O phenylenediamine dihydrochloride substrate reagent

The presence of TNP-specific IgM in serum was estimated by ELISA as previously described (27 (link)). For this, microtitre plates were coated with 5 μg/ml of TNP-BSA (Biosearch technologies) in a volume of 100 μl PBS overnight at 4°C. Thereafter, non-specific binding sites were blocked by incubation with 1% BSA in PBS with 0.05% Tween 20 (PBT) for 1 h at RT. Plates were then washed with PBT and a 1/500 dilution of each serum sample in PBS 1% BSA added to each well and incubated for 1 h at RT. Serum samples from all groups were analyzed in duplicate wells. After washing three times with PBT, each well was incubated with 1 μg/ml biotinyilated anti-trout IgM mAb (clone 4C10) diluted in PBS 1% BSA for 1 h at RT. The plates were washed again three times in PBT and 100 ng/ml of HRP-streptavidin (Thermo Fisher Scientific) added to each well in 100 μl PBS 1% BSA. After incubation at RT for 1 h, 100 μl of o-phenylenediamine dihydrochloride substrate reagent (Sigma-Aldrich) were added to each well. The reaction was stopped after 15 min by adding 50 μl of 2.5 M H₂SO₄. Absorbances were recorded at 490 nm using a FLUOstar Omega (BMG Labtech) plate reader. Internal positive and negative control samples were also included.

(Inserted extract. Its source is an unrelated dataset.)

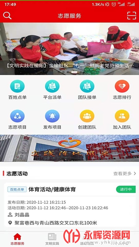 3、该平台就会实时的关注志愿者的最新动态,有什么活动你都可以第一时间看到。
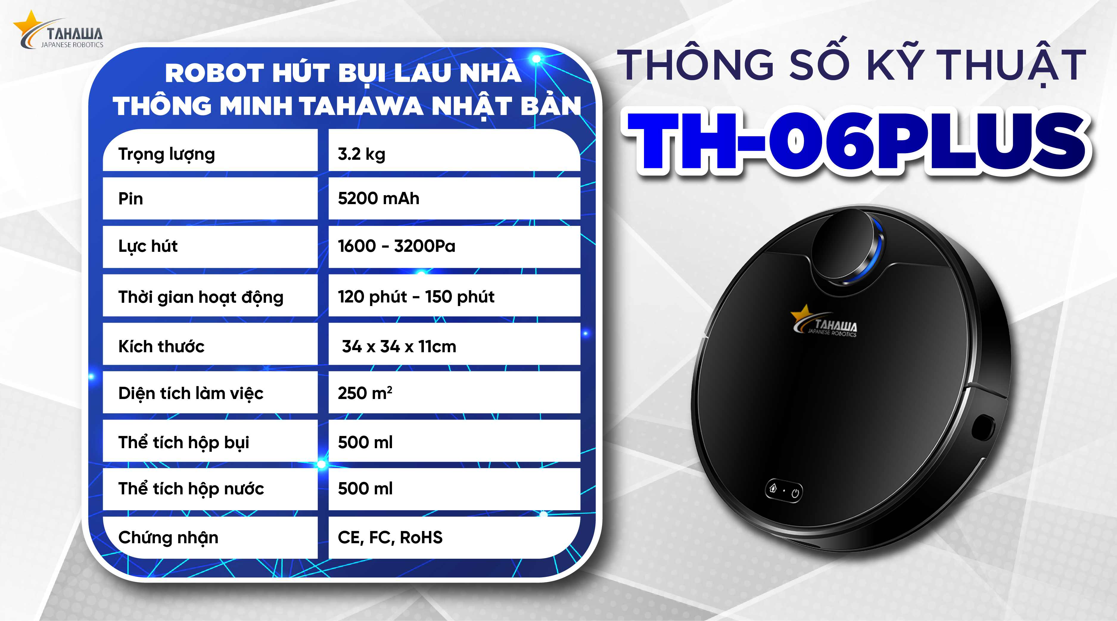 Thông số kỹ thuật của robot hút bụi lau nhà Tahawa TH-06Plus

The presence of IPNV-specific trout IgM in serum of immunized fish was estimated by ELISA following a protocol previously described by Munang’andu et al. (29 (link)). For this, plates were coated with 100 μl of polyclonal anti-IPNV antibody diluted at 1:5000 in diluent buffer (0.05 M carbonate buffer pH 9.7) and incubated overnight at 4°C. Plates were washed 3 times in PBS-0.05% Tween-20 (PBT) and blocked with 5% fat free dry milk-PBS for 2 h at RT. Viral antigen of the T_T217A₂₂₁ IPNV strain was added to each well after incubation at RT for 2 h. Diluted sera in 1% dry milk 5% fat free dry milk-PBS were added to each well. Blank and positive controls were also included. After incubation at 4°C overnight, each well was incubated with 1 μg/ml biotinyilated anti-trout IgM mAb (clone 1.14) diluted in 5% fat free dry milk-PBS for 1 h at RT. The plates were washed again three times in PBT and 100 ng/ml of HRP-streptavidin (Thermo Fisher Scientific) added to each well in 100 μl 5% fat free dry milk-PBS. After incubation at RT for 1 h, 100 μl of o-phenylenediamine dihydrochloride substrate reagent (Sigma-Aldrich) were added to each well. The reaction was stopped after 15 min by adding 50 μl of 2.5 M H₂SO₄. Absorbances were recorded at 490 nm using a FLUOstar Omega (BMG Labtech) plate reader. Internal positive and negative control samples were included in all assays.